For details see host's SYSLOG.

You can also use the smartctl utility for further investigation.
Another email message will be sent in 1 days if the problem persists

Did the following:

[root@saturn new]# cat /proc/mdstat
Personalities : [raid1]
md1 : active raid1 sdb1[1] sda1[0]
104320 blocks [2/2] [UU]

md2 : active raid1 sdb2[1] sda2[2](S)
976655552 blocks [2/1] [_U]

unused devices: <none>

and:

[root@saturn new]# mdadm --detail /dev/md1
/dev/md1:
Version : 0.90
Creation Time : Fri Aug 8 17:01:14 2008
Raid Level : raid1
Array Size : 104320 (101.89 MiB 106.82 MB)
Used Dev Size : 104320 (101.89 MiB 106.82 MB)
Raid Devices : 2
Total Devices : 2
Preferred Minor : 1
Persistence : Superblock is persistent

Update Time : Sun Dec 8 10:11:18 2013
State : clean
Active Devices : 2
Working Devices : 2
Failed Devices : 0
Spare Devices : 0

UUID : b5f1b131:fe27265a:85dfe98f:3fb577a2
Events : 0.19554

Number Major Minor RaidDevice State
0 8 1 0 active sync /dev/sda1
1 8 17 1 active sync /dev/sdb1

[root@saturn new]# mdadm --detail /dev/md2
/dev/md2:
Version : 0.90
Creation Time : Fri Aug 8 17:01:14 2008
Raid Level : raid1
Array Size : 976655552 (931.41 GiB 1000.10 GB)
Used Dev Size : 976655552 (931.41 GiB 1000.10 GB)
Raid Devices : 2
Total Devices : 2
Preferred Minor : 2
Persistence : Superblock is persistent

Update Time : Sun Dec 8 14:54:14 2013
State : clean, degraded
Active Devices : 1
Working Devices : 2
Failed Devices : 0
Spare Devices : 1

UUID : 7be080c3:58e3a9c4:55bdf7e0:ca9607bf
Events : 0.46828276

Number Major Minor RaidDevice State
0 0 0 0 removed
1 8 18 1 active sync /dev/sdb2

2 8 2 - spare /dev/sda2

[root@saturn new]# less /var/log/messages

Dec 8 12:48:28 saturn kernel: ata2.00: BMDMA stat 0x24
Dec 8 12:48:28 saturn kernel: ata2.00: cmd 25/00:08:42:2a:a7/00:00:43:00:00/e0 tag 0 dma 4096 in
Dec 8 12:48:28 saturn kernel: res 51/40:00:48:2a:a7/40:00:43:00:00/e0 Emask 0x9 (media error)
Dec 8 12:48:28 saturn kernel: ata2.00: status: { DRDY ERR }
Dec 8 12:48:28 saturn kernel: ata2.00: error: { UNC }
Dec 8 12:48:28 saturn kernel: ata2.00: configured for UDMA/133
Dec 8 12:48:28 saturn kernel: sd 1:0:0:0: Unhandled sense code
Dec 8 12:48:28 saturn kernel: sd 1:0:0:0: SCSI error: return code = 0x08000002
Dec 8 12:48:28 saturn kernel: Result: hostbyte=DID_OK driverbyte=DRIVER_SENSE,SUGGEST_OK
Dec 8 12:48:28 saturn kernel: sdb: Current [descriptor]: sense key: Medium Error
Dec 8 12:48:28 saturn kernel: Add.
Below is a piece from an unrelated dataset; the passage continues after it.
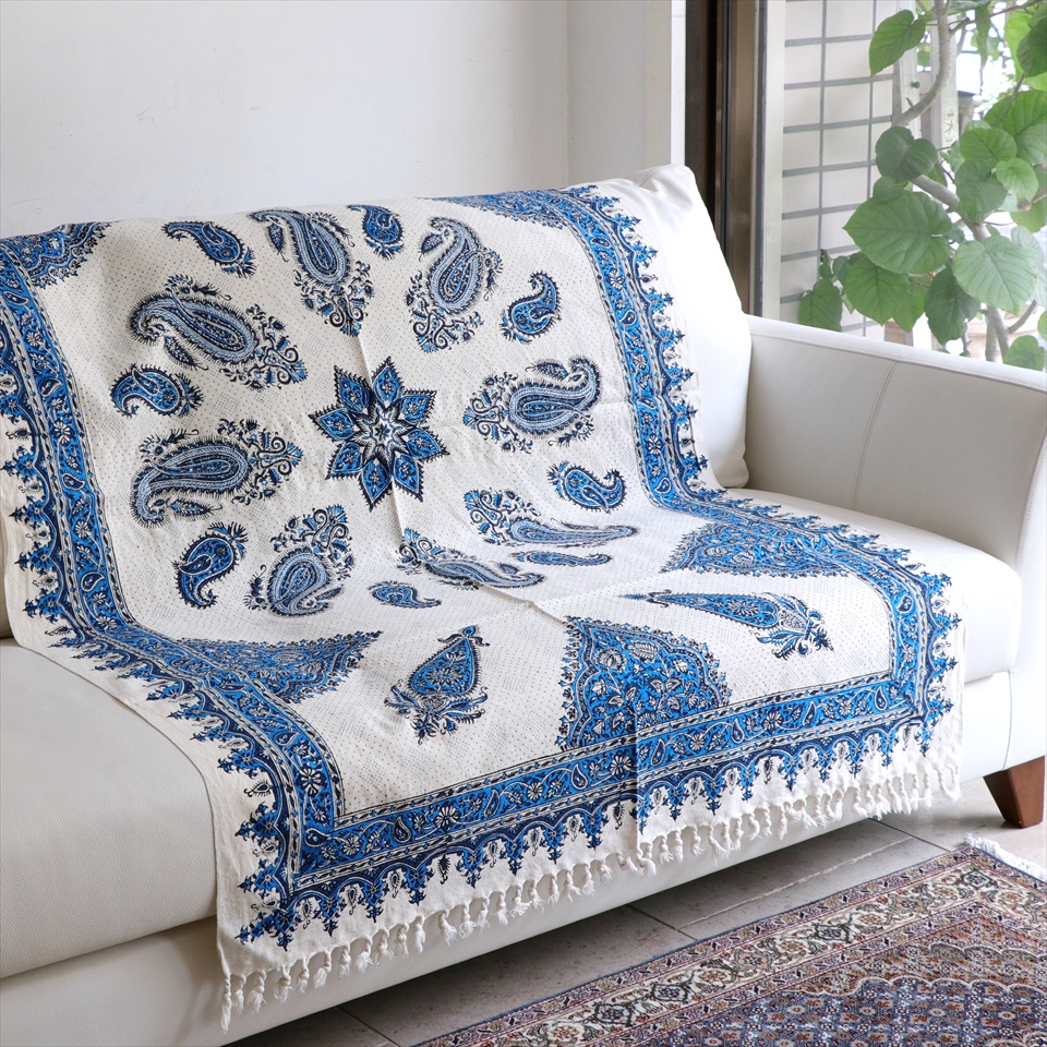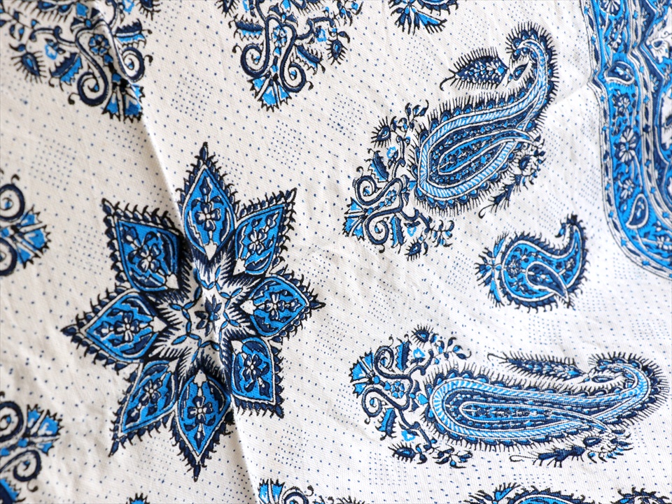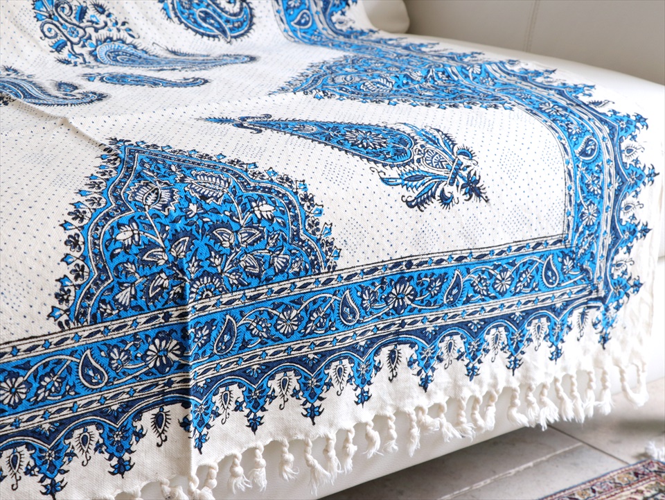 Key:コットン・染色・ブロックプリント・木版・捺染・伝統工芸・インド更紗・ジャワ更紗・ペルシャブルー・ペイズリー・フリークロス・マルチカバー・ベッドスプレッド・ベッドカバー・ソファカバー・カーテン・タペストリー・ファブリック・インテリアファブリック・クラフト・インテリア・ペルシャ・ペルセポリス・イラン・中東・シルクロード・アジアン・エスニック

Sense: Unrecovered read error - auto reallocate failed
Dec 8 12:48:28 saturn kernel:
Dec 8 12:48:28 saturn kernel: Descriptor sense data with sense descriptors (in hex):
Dec 8 12:48:28 saturn kernel: 72 03 11 04 00 00 00 0c 00 0a 80 00 00 00 00 00
Dec 8 12:48:28 saturn kernel: 43 a7 2a 48
Dec 8 12:48:28 saturn kernel: ata2: EH complete
Dec 8 12:48:28 saturn kernel: raid1: sdb: unrecoverable I/O read error for block 1134819968
Dec 8 12:48:28 saturn kernel: SCSI device sdb: 1953525168 512-byte hdwr sectors (1000205 MB)
Dec 8 12:48:28 saturn kernel: sdb: Write Protect is off
Dec 8 12:48:28 saturn kernel: sdb: Mode Sense: 00 3a 00 00
Dec 8 12:48:28 saturn kernel: SCSI device sdb: drive cache: write back
Dec 8 12:48:28 saturn kernel: SCSI device sdb: 1953525168 512-byte hdwr sectors (1000205 MB)
Dec 8 12:48:28 saturn kernel: sdb: Write Protect is off
Dec 8 12:48:28 saturn kernel: sdb: Mode Sense: 00 3a 00 00
Dec 8 12:48:28 saturn kernel: SCSI device sdb: drive cache: write back
Dec 8 12:48:28 saturn kernel: md: md2: sync done.
Dec 8 12:48:29 saturn kernel: RAID1 conf printout:
Dec 8 12:48:29 saturn kernel: --- wd:1 rd:2
Dec 8 12:48:29 saturn kernel: disk 0, wo:1, o:1, dev:sda2
Dec 8 12:48:29 saturn kernel: disk 1, wo:0, o:1, dev:sdb2
Dec 8 12:48:29 saturn kernel: RAID1 conf printout:
Dec 8 12:48:29 saturn kernel: --- wd:1 rd:2
Dec 8 12:48:29 saturn kernel: disk 1, wo:0, o:1, dev:sdb2
Dec 8 13:09:28 saturn smartd[2768]: Device: /dev/sdb [SAT], 1 Currently unreadable (pending) sectors
Dec 8 13:09:28 saturn smartd[2768]: Sending warning via mail to admin ...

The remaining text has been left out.